» **What you will do**
Give back exactly the lines from the "实际上,输入code .是用" line to the final line of the records, and only those, minus any pictures.

» **Data provided**
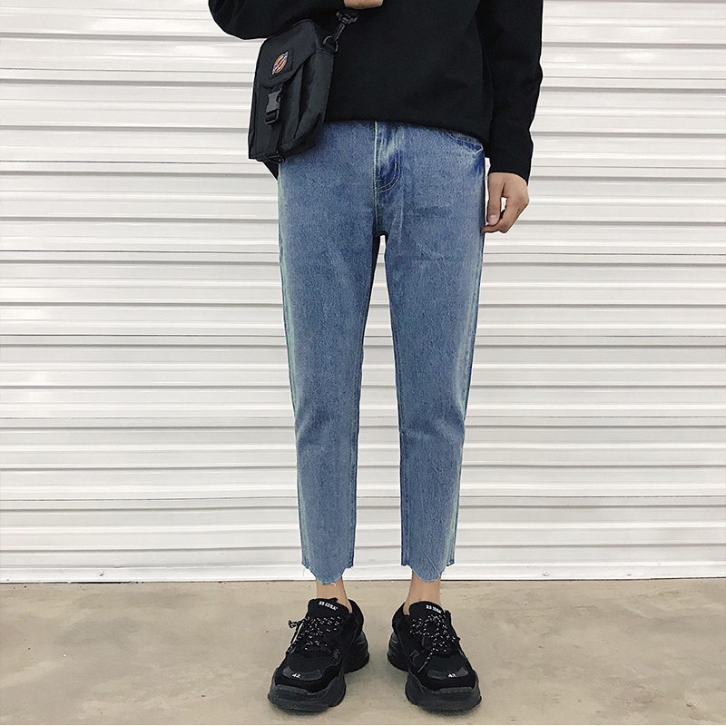 Men's pants Casual jeans Slim straight tube net red pants Male shake ins drop sense wide legs Hong Kong trend Pai Gow points
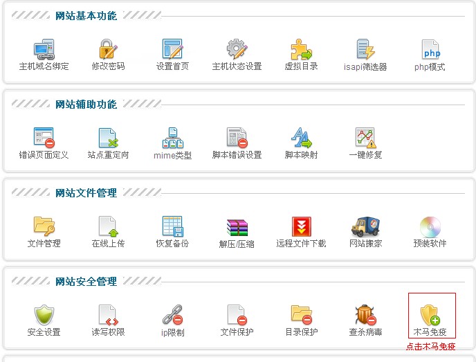 4、在木马免疫中,取消“iframe挂马”和“JavaScript挂马”的勾,然后点“确定提交”重新登录shopex后台,一般就能可视化编辑了。
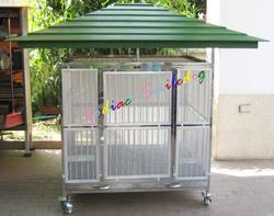 กรงสุนัขสแตนเลสขนาด 4 สแลทมีมุ้งลวด+หลังคา
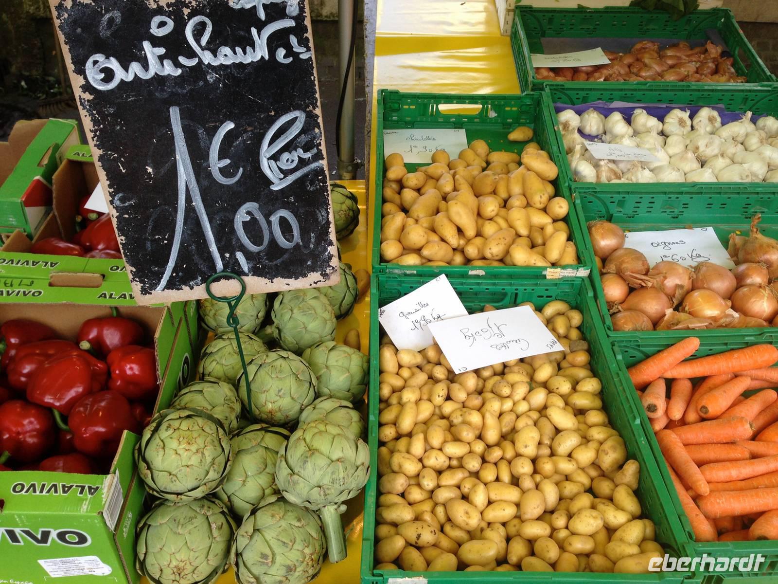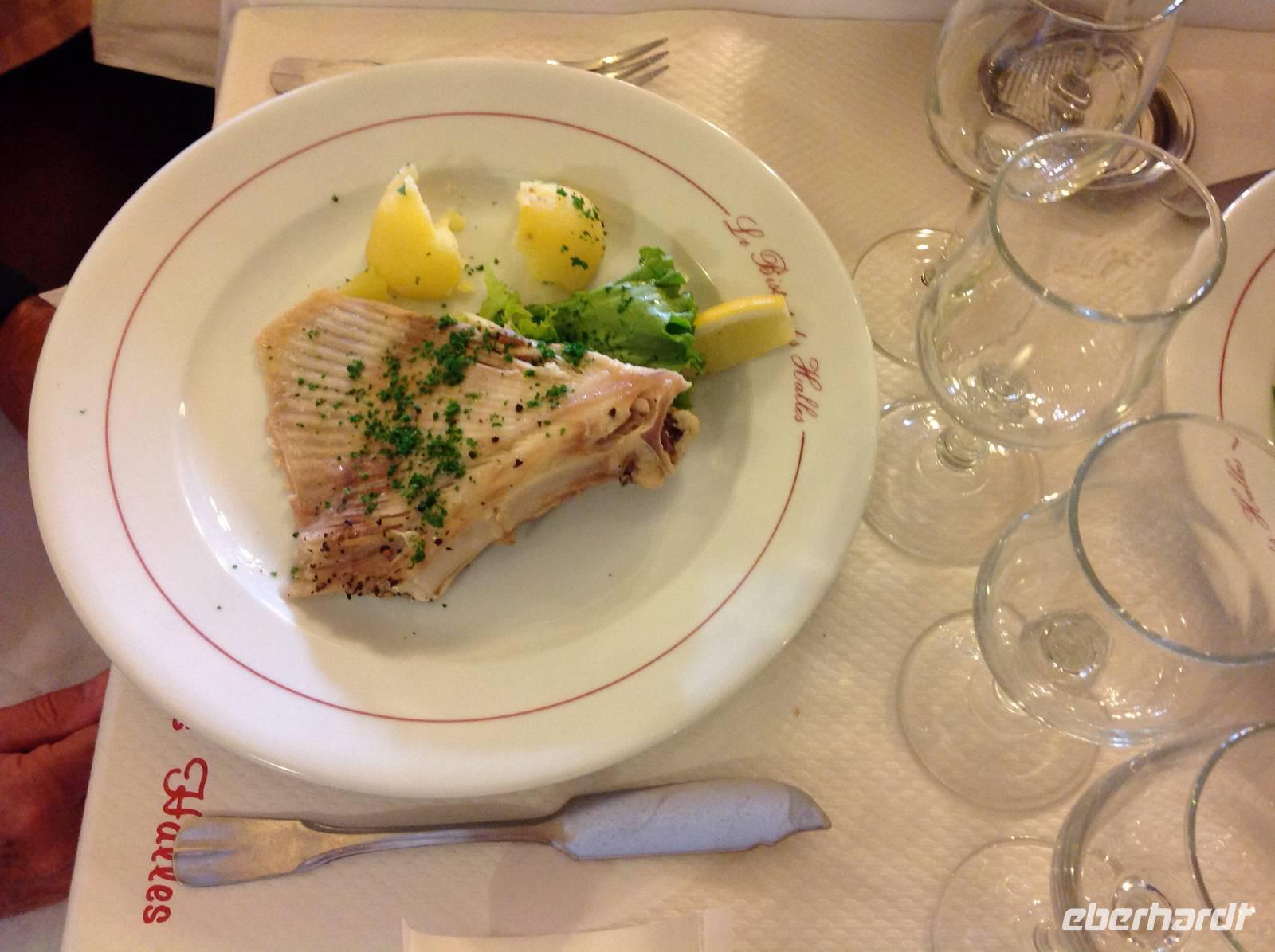 Zu Abendessen gehen wir nur zwei Straßen weiter in die typisch französische Markt-Brasserie, die gleich gegenüber der modernen Markthalle gelegen ist. Das Hauptgericht ist für alle eine "Première": Rochen mit Kartoffeln und Butter-Kapern-Soße - es wird von allen Seiten gelobt! Noch gewöhnungsbedürftig ist für die meisten Gäste jedoch die Beengtheit an den Tischen! Aber auch das ist ein Stück Frankreich.
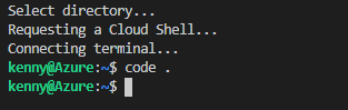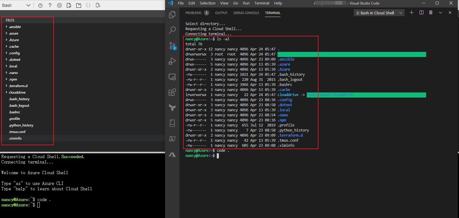 实际上,输入code .是用来使您打开VS代码编辑器的。现在您有了代码中使用的云Shell,当您在Visual代码终端中输入code.时,什么都不会发生。您还可以在Visual代码中的云外壳中打开文件目录时,比较Azure中的文件目录和文件目录。
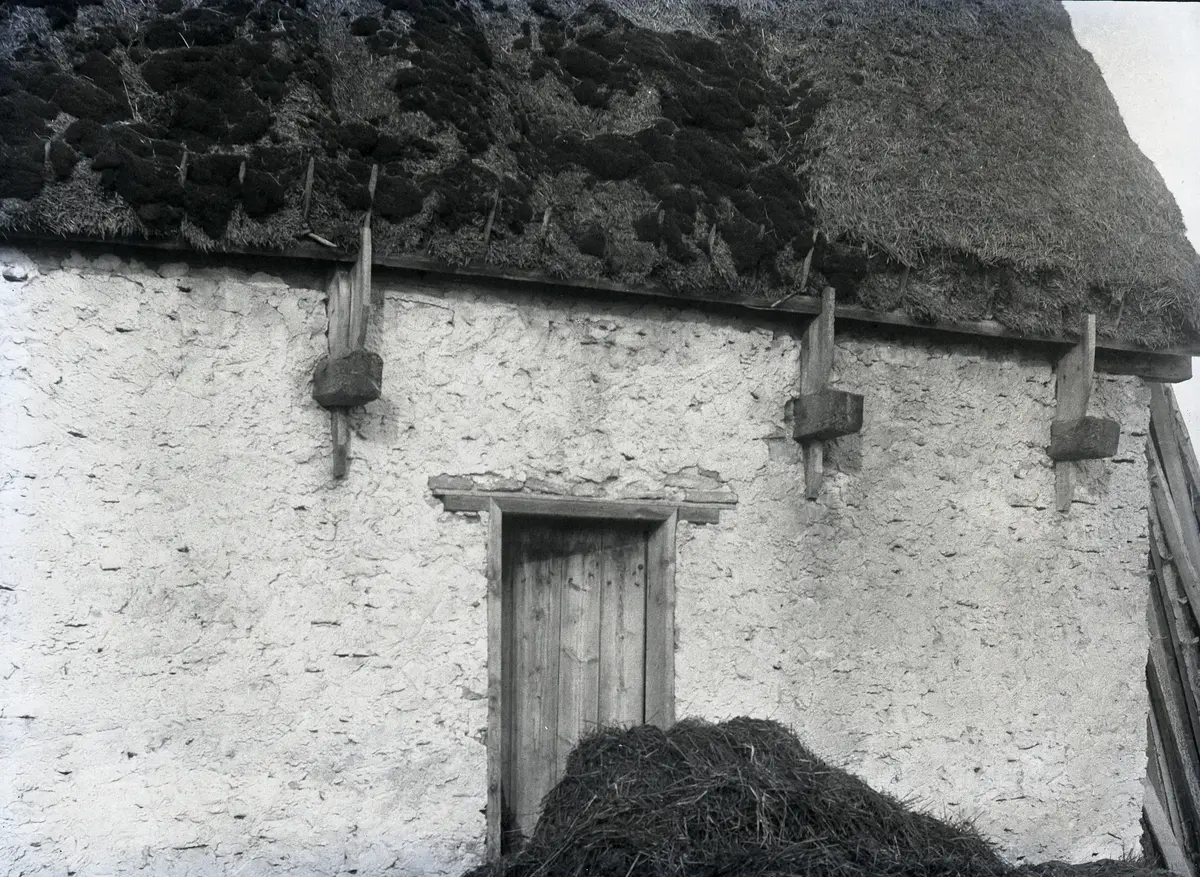 Masse har tagit en intressant detaljbild av agtakets början nere vid väggen. Man ser att man byggt på riskallarnas, bjälkändarnas kilar, med en yttre träbit. Den har i sin övre inre del ett urtag, där ett vastband med helar, stora pluggar, sitter istoppade. Dessa helar håller emot agen så den inte rutschar av taket. Det vanliga på Sudret är annars att helarna sitter snett istoppade i själva hammarbandet, stocken som takstolarna står på uppe på murverket. På norra Gotland har man en vastaraft, vilken motsvarar vastbandet, men den sitter en bit ut ifrån väggen upphållen av självvuxna grenklykor.

» **Solution for this exercise**
 实际上,输入code .是用来使您打开VS代码编辑器的。现在您有了代码中使用的云Shell,当您在Visual代码终端中输入code.时,什么都不会发生。您还可以在Visual代码中的云外壳中打开文件目录时,比较Azure中的文件目录和文件目录。
 Masse har tagit en intressant detaljbild av agtakets början nere vid väggen. Man ser att man byggt på riskallarnas, bjälkändarnas kilar, med en yttre träbit. Den har i sin övre inre del ett urtag, där ett vastband med helar, stora pluggar, sitter istoppade. Dessa helar håller emot agen så den inte rutschar av taket. Det vanliga på Sudret är annars att helarna sitter snett istoppade i själva hammarbandet, stocken som takstolarna står på uppe på murverket. På norra Gotland har man en vastaraft, vilken motsvarar vastbandet, men den sitter en bit ut ifrån väggen upphållen av självvuxna grenklykor.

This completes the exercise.